What you will do: Retype the lines from the first one in the records down to the line containing "Das Armband-Set –", counting both, and leave out any pictures.

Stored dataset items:
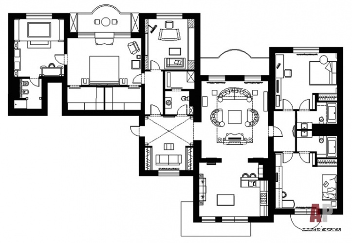 От современной по настроению кухни гостиная отделена небольшим простенком с телевизионной группой и двумя колоннами в виде сужающихся книзу конусов. Из гостиной также можно попасть в маленький холл – буфер между абсолютно симметричными детскими комнатами со своими санузлами.
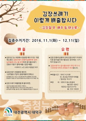대전 대덕구(구청장 박수범)는 김장철이 다가옴에 따라 일시적으로 다량 발생하는 김장쓰레기를 효과적으로 처리하기 위해 김장쓰레기 특별 수거 대책을 추진한다고 31일 밝혔다.
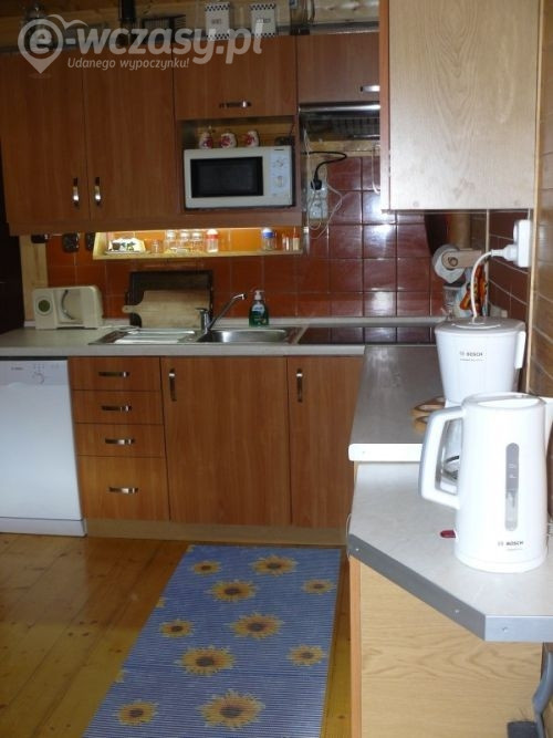 - kuchnia (stół, 4 krzesła, lodówka, zmywarka do naczyń, płyta elektryczna, naczynia, mikrofalówka, sandwitch)
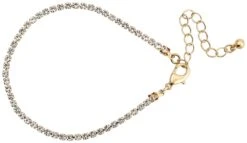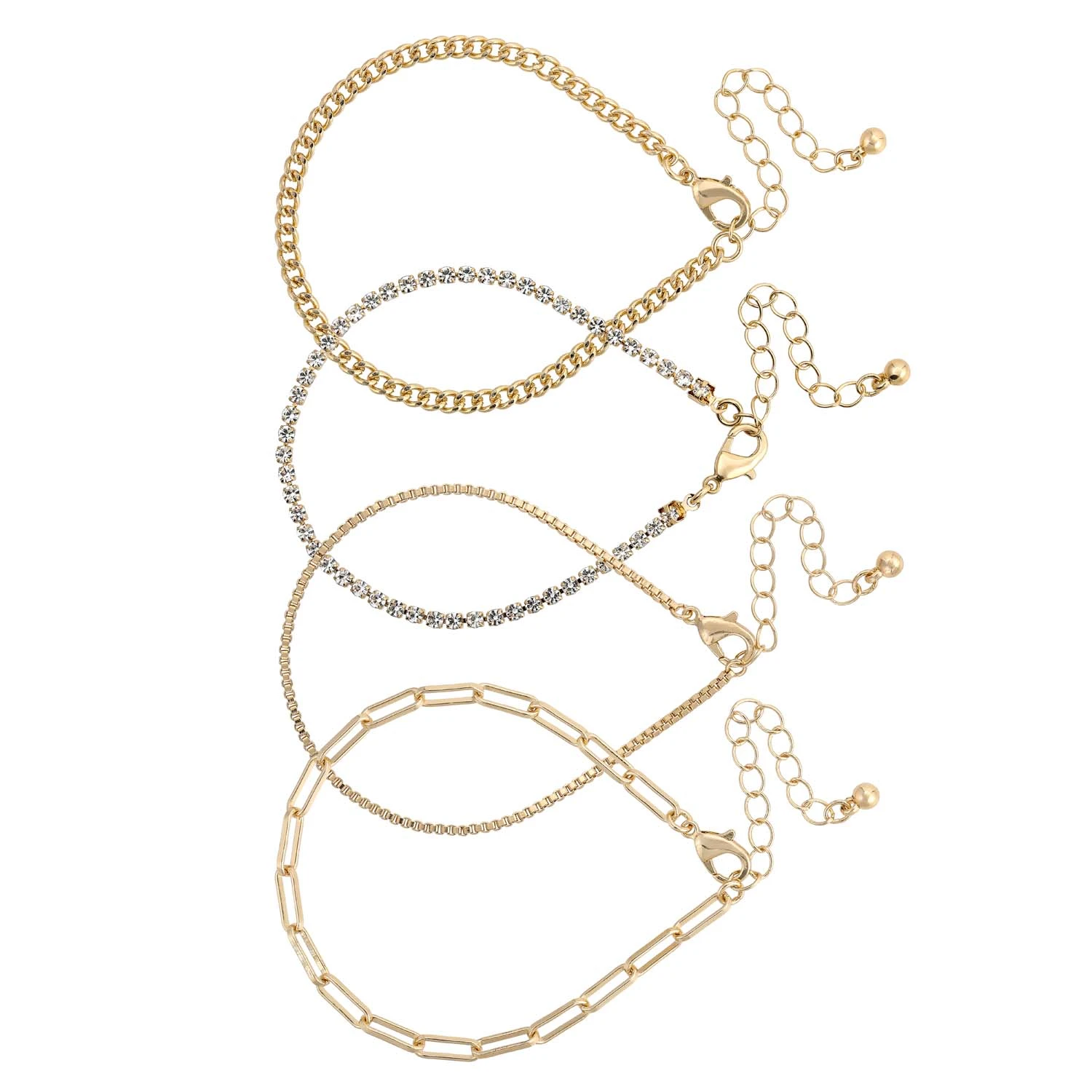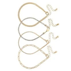 Das Armband-Set – Golden Classic schimmert silberfarben und besteht aus vier Armbändern in unterschiedlichen Designs. Ein Armband ist mit vielen, kleinen Strasssteinen verziert. Ein anderes Armband ist ein Gliederarmband. Alle Armbänder haben eine Verlängerungskette.
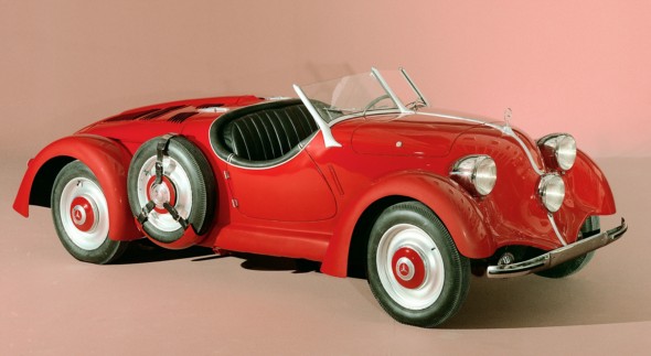 In 1934 the four-seater Mercedes-Benz 130 (W 23), the first series-produced car of the brand with a rear-mounted engine, appeared. In that same year the two-seater 150 model with mid-engine was built as a so-called Sports Saloon – today we would call this a coupé or sports coupé – especially for the “2000 Kilometres Across Germany” long-distance rally. In 1936 the four-seater Mercedes-Benz 170 H (W 28), with rear-mounted engine, debuted as the successor to the 130.
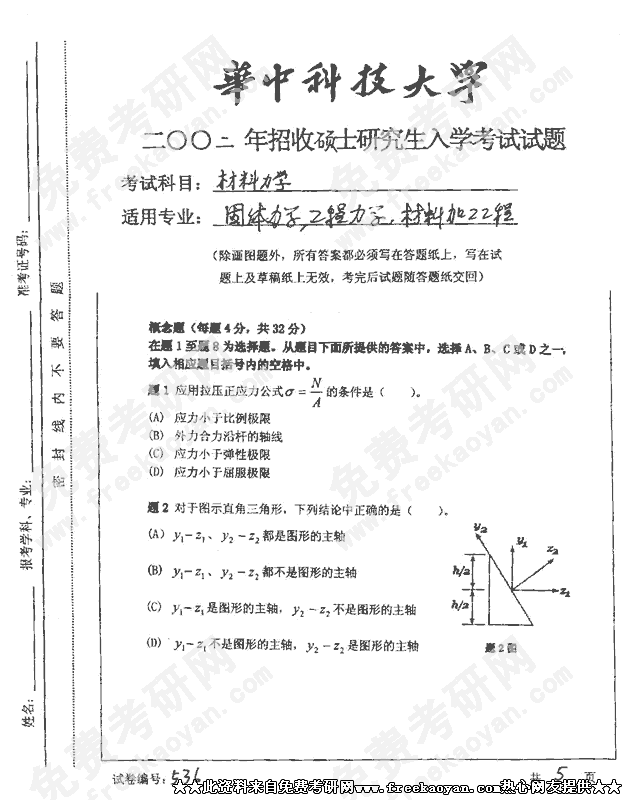 华中科技大学2002年考研真题-材料物理
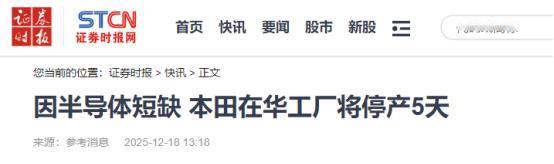石破茂预言果然应验,中方还没开始反制,日企就已经撑不住了 日本前首相石破茂 11 月在东京论坛上的嘶吼还没散场,12 月 17 日共同社的一则消息就狠狠砸在了日本政坛脸上,本田公司宣布,从 12 月下旬到明年 1 月上旬,中日两国的工厂全要停摆:和广汽合资的工厂要停产 5 天,日本本土的埼玉、铃鹿工厂不仅停 2 天,剩下的日子还要减产。 这哪里是普通的生产调整?分明是石破茂的预言提前应验,中方连反制的旗子都没举,日本的支柱产业就先慌了神。 要说清这事儿的来龙去脉,得先拎明白石破茂为啥急着喊 “救命”。这位日本政坛的 “老油条” 心里门儿清:自 1972 年中日建交以来,历届政府对涉台问题都 “小心再小心”,根本不敢碰红线,本质上是被经济命脉捆住了手脚。 日本外务省的统计摆着呢,中国常年占日本进口额的 22% 以上,4300 种重点商品里近 40% 高度依赖中国进口,汽车零件 46.1% 来自中国,稀土 60% 靠中国供应,连青霉素这类基础药 80% 都得从中国买。 石破茂在演讲里拍着桌子问 “日本还能存在吗”,不是危言耸听,是真怕高市早苗把这条生命线给作断了。 可高市早苗偏要往火坑里跳。这位刚上台俩月的首相,把台湾当成了 “蝎形战略” 的毒嘴,一边在国会喊着涉台谬论,一边把防卫开支堆到 GDP 的 2%,还拉着美国在南海搞军演。 她算的是政治账:靠对华强硬讨好右翼、抱紧美国大腿,巩固自己的权位。可她没算明白,企业的账本根本经不起折腾 —— 这次本田停产的直接原因是半导体短缺,但根子早埋在了供应链里。 懂行的都知道,全球电子元件巨头安世半导体早被中国控股了,之前本田的北美工厂就因为这事儿停过产。 虽然这次没明说缺的是安世的货,但用脚想也知道,日本半导体产业早没了当年的风光,高端芯片靠进口,低端元件依赖中国供应链,一旦某个环节卡壳,整个生产线就得 “趴窝”。 这已经不是个案:丰田上半年就因为中国零部件断供减产,索尼的相机模组工厂也差点停摆,本田自己的财报都预告了,就因为产量上不去,今年营业利润要缩水 68 亿人民币。这些企业心里比谁都清楚,真把中国惹毛了,不用关税制裁,光是供应链动一动手指头,日本制造业就得喝西北风。 就在本田宣布停产的节骨眼上,高市早苗突然改了口风,又开始喊着要 “中日对话”。可这出戏演得也太假了:前脚刚和美军搞完联合演习,后脚就想拉中方谈合作;自己不撤回涉台谬论,倒怪中方 “不愿沟通”。 中方的态度早就亮明了:外交部直接引用日本学者的话怼回去,真正的对话得从尊重开始,你连基本立场都歪了,谈个啥?结果中日韩卫生部长会议上,中方直接派了工作级官员,把她的部长级会面梦给戳破了。 说到底,高市早苗的算盘打得噼里啪啦响:一边靠强硬姿态稳住国内右翼,一边喊对话想让中国放供应链一马,典型的 “又要当又要立”。 她心里清楚,日本根本耗不起 —— 粮食要从中国进口五十亿美元,能源航道得看中国脸色,要是真把中方惹急了,切断经贸联系就是 “经济核弹”。可她骑虎难下啊,自己亲手煽动起来的民粹情绪,现在要是低头道歉,立马就得被反噬掉权位。 这事儿最讽刺的地方在于,石破茂早就警告过 “最危险的时刻来了”,还提起前首相田中角荣的话:经历过战争的政治家在,日本就不会犯傻。 可现在的日本政坛,满脑子都是权斗和站队,根本没人在乎企业的死活。本田工厂的停产通知,与其说是给工人看的,不如说是给高市早苗递的 “病危通知书”—— 别以为靠美国就能撑腰,经济的账,最终还得自己买单。 更值得警惕的是,日本政府还在耍小聪明:嘴上喊对话,手里却在放宽武器出口限制,想给南海国家卖武器围堵中国。这就像输急了的赌徒,一边求着对手手下留情,一边偷偷摸牌作弊。 可中国不是傻子,供应链的主动权攥在手里,外交的底线摆得明明白白。高市早苗要是还不清醒,下一个停摆的可能就不只是本田的工厂,而是整个日本经济的根基。 石破茂那句 “死了三百万人的教训不能忘” 还在耳边,本田的停产公告就成了最现实的注脚。帝国的衰落从来不是突然崩塌,而是政客在上面瞎折腾,企业在下面扛不住 —— 这出戏,日本还打算演多久?
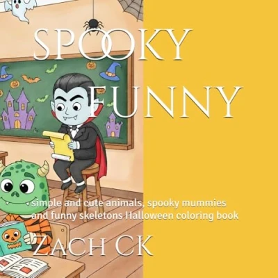 spooky funny: simple and cute animals, mummies funny skeletons Halloween coloring book

Written answer:
 От современной по настроению кухни гостиная отделена небольшим простенком с телевизионной группой и двумя колоннами в виде сужающихся книзу конусов. Из гостиной также можно попасть в маленький холл – буфер между абсолютно симметричными детскими комнатами со своими санузлами.
대전 대덕구(구청장 박수범)는 김장철이 다가옴에 따라 일시적으로 다량 발생하는 김장쓰레기를 효과적으로 처리하기 위해 김장쓰레기 특별 수거 대책을 추진한다고 31일 밝혔다.
 - kuchnia (stół, 4 krzesła, lodówka, zmywarka do naczyń, płyta elektryczna, naczynia, mikrofalówka, sandwitch)
 Das Armband-Set – Golden Classic schimmert silberfarben und besteht aus vier Armbändern in unterschiedlichen Designs. Ein Armband ist mit vielen, kleinen Strasssteinen verziert. Ein anderes Armband ist ein Gliederarmband. Alle Armbänder haben eine Verlängerungskette.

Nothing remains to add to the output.